#### WORK TASK
What needs reproducing is the run of lines in the data below starting at the line with "(ys-26ss-57) YOKOSAKAMOTO(ヨーコサカモト) /WIDE" and ending at the line with "艾莫迅LORA工业无线透传远程通信模块485串口收发433M", both ends included. Copy it exactly, without pictures, and add nothing.

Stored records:
Content starts

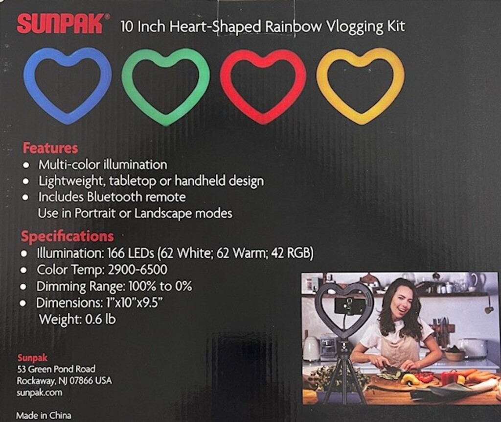 Features For Video Production and Vlogging CCT Color: 3200 to 5600K, RGB Mode USB Power Dimensions: 10" Outer | 7.5" Inner Quiet Passive Cooling Unique Shape..
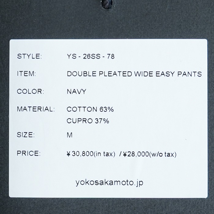 (ys-26ss-57) YOKOSAKAMOTO(ヨーコサカモト) /WIDE EASY PANTS(ワイドイージーパンツ) / メール便不可
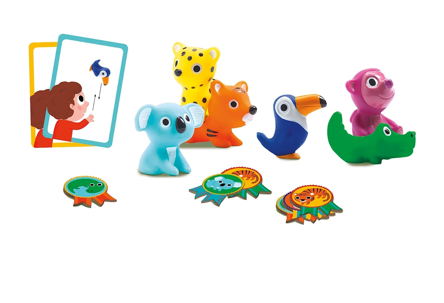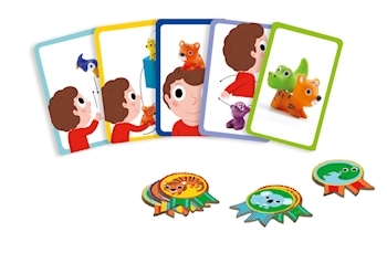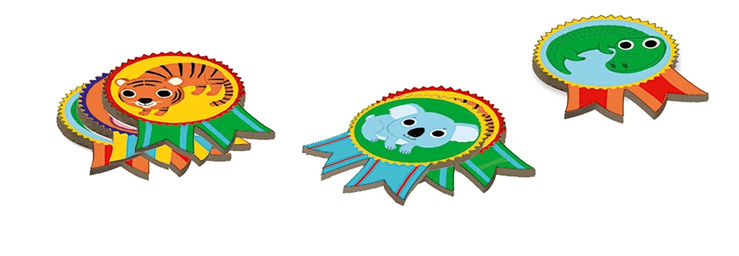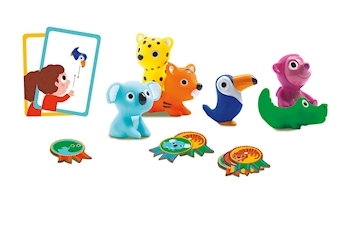 ab 2.5 Jahren 2-4 Spieler Dschungelparty! Eine Pyramide bauen, auf dem Kopf balancieren, werfen, fangen und das alles mit niedlichen Tieren. Jede gelöste Aufgabe wird mit einer Medaille belohnt
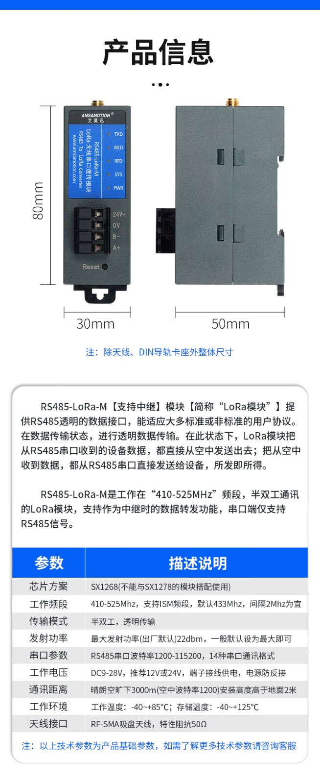 艾莫迅LORA工业无线透传远程通信模块485串口收发433M
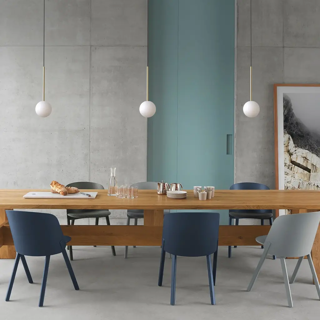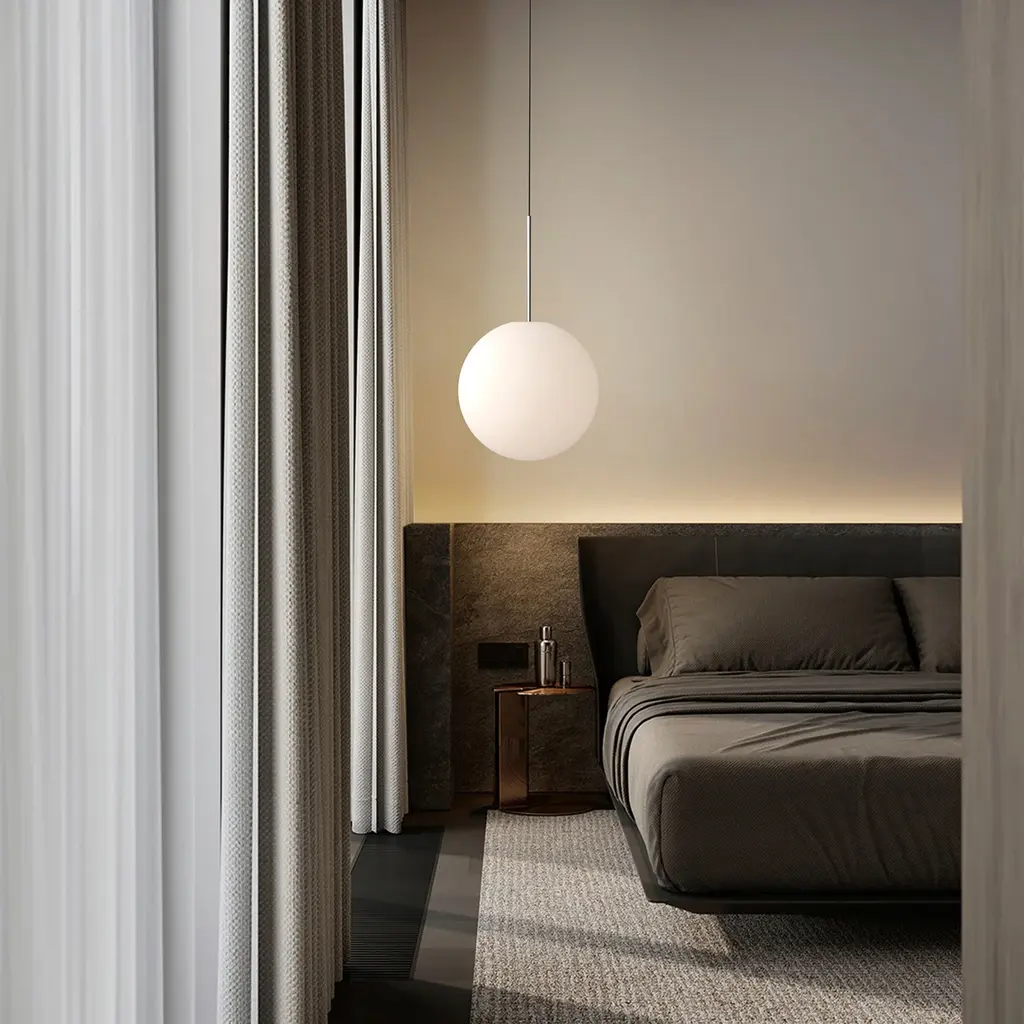 Pablo Designs' sleek pendant—with its atmospheric globe suspended by a gleaming post—encompasses more tech than meets the eye. Bola Sphere's integrated LED light source is optimized to offer ultra-efficient performance that can last a lifetime and it’s fully dimmable. Available in 6 sizes, the blown-glass opal shade is paired with a stainless-steel post in chrome, brass or rose-gold finishes.

Content ends

#### RESULT FOR THIS TASK
 (ys-26ss-57) YOKOSAKAMOTO(ヨーコサカモト) /WIDE EASY PANTS(ワイドイージーパンツ) / メール便不可
 ab 2.5 Jahren 2-4 Spieler Dschungelparty! Eine Pyramide bauen, auf dem Kopf balancieren, werfen, fangen und das alles mit niedlichen Tieren. Jede gelöste Aufgabe wird mit einer Medaille belohnt
 艾莫迅LORA工业无线透传远程通信模块485串口收发433M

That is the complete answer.